Impacts of Pharmaceuticals in the Aquatic Environment
Many studies have demonstrated that pharmaceuticals are entering the aquatic environment through waste water discharge.  In our lab, we use zebrafish as a model organism to determine the impacts of pharmaceuticals on adult and embryonic fish.  We study impacts of pharmaceuticals on reproduction and development, physiology (e.g. steroid hormone levels), and gene expression changes.  We are starting to determine life cycle impacts and examining the effects of parental exposure of the offspring.  This research will help us understand the effects of pharmaceuticals in the environment.

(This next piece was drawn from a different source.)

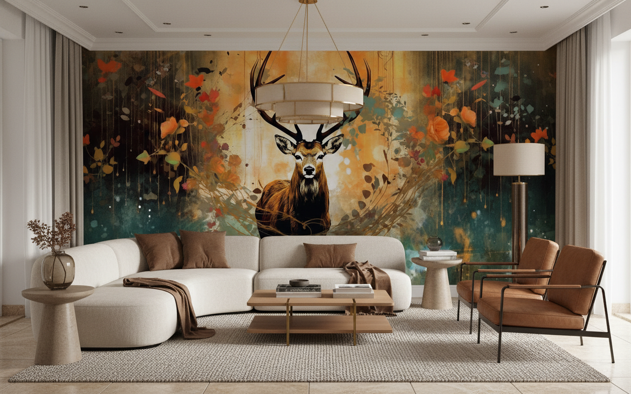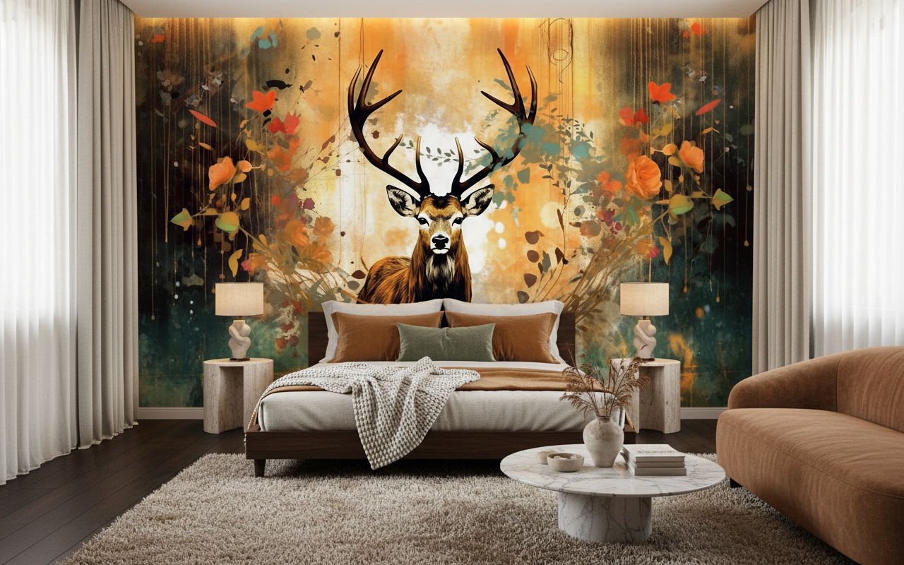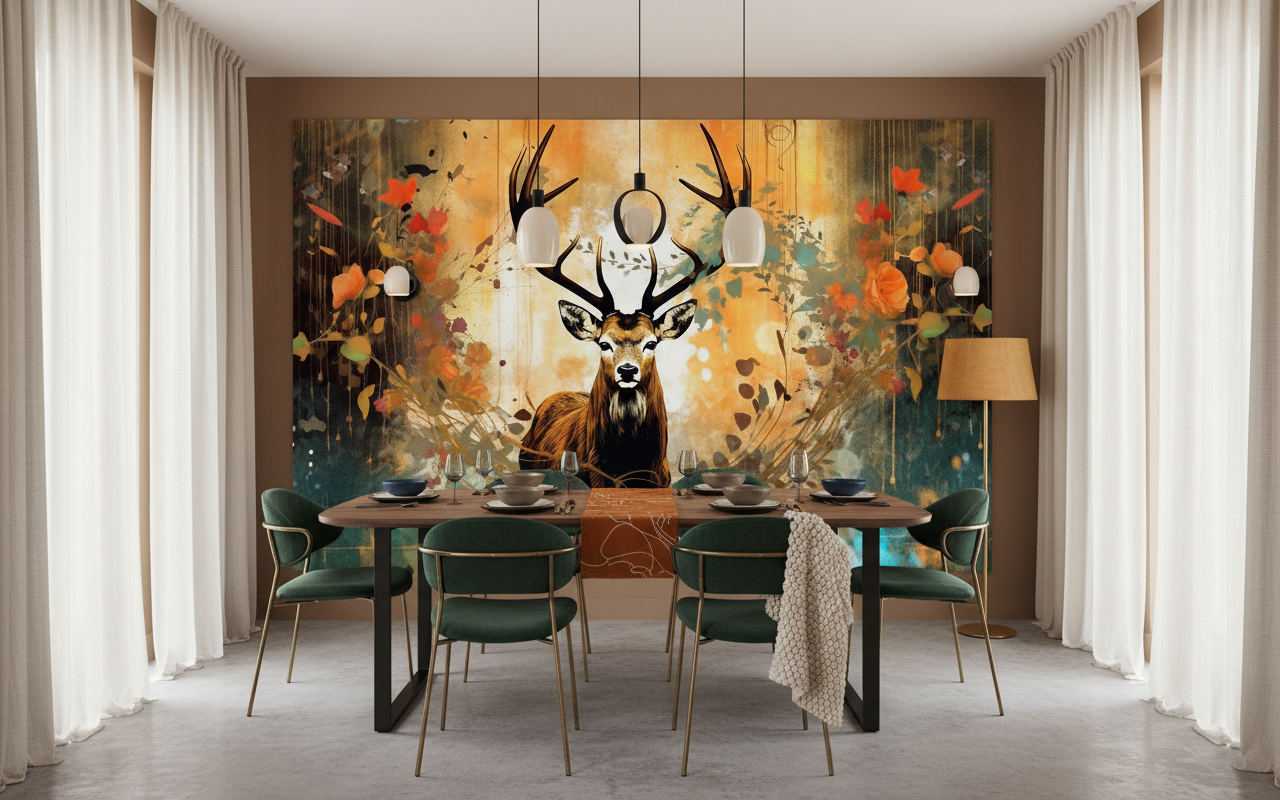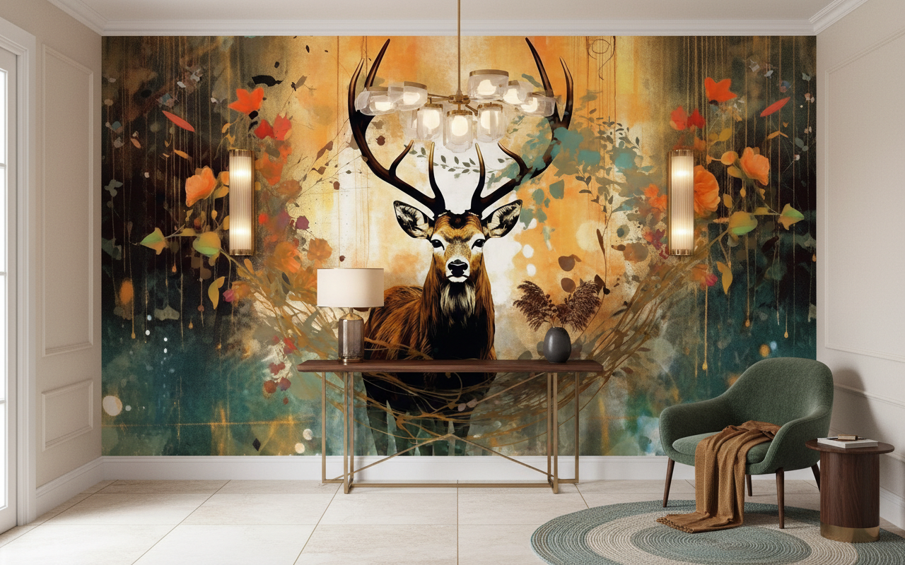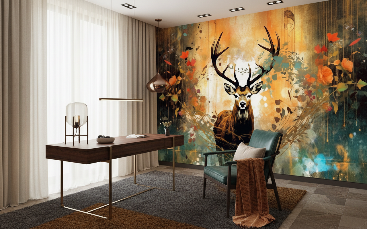 Cette fresque murale artistique transforme instantanément l’atmosphère d’un intérieur en y insufflant une énergie forestière teintée de mystère et de noblesse. L’ambiance qui s’en dégage évoque les légendes celtiques et les contes d’automne, créant un cocon chaleureux propice à la contemplation et à l’évasion. La présence du cerf, symbole de sagesse et de renaissance, apporte une dimension spirituelle qui invite à la sérénité.

Endocrine Disrupters in Hamilton Harbour and the Great Lakes Region
Round goby are a benthic, territorial invasive species in the Great Lakes Basin.  In collaboration with Sigal Balshine (Department of Psychology, Neuroscience & Behaviour, McMaster University), we are using gobies to study endocrine disrupters in Hamilton Harbour.  This species is ideal for this study because it does not have a wide range and thus its contaminant exposure will reflect local pollution.  We have developed a quantitative PCR method for monitoring vitellogenin gene expression in male gobies.  Vitellogenin, an egg yolk precursor protein, should not be expressed in males unless they have been exposed to a natural or xeno- estrogen.  Round goby, and other species in Hamilton Harbour, display intersex, a condition where male testis have both sperm and eggs.  We hope to identify sites polluted with endocrine disrupters within Hamilton Harbour and the Great Lakes Region and determine what contaminants are causing the endocrine disruption.


My research has been funded by the Natural Sciences and Engineering Research Council of Canada (NSERC) Discovery and Strategic Project Programs, the Canadian Water Network (CWN), Canadian Foundation of Innovation (CFI), and Ontario Innovation Trust (OIT).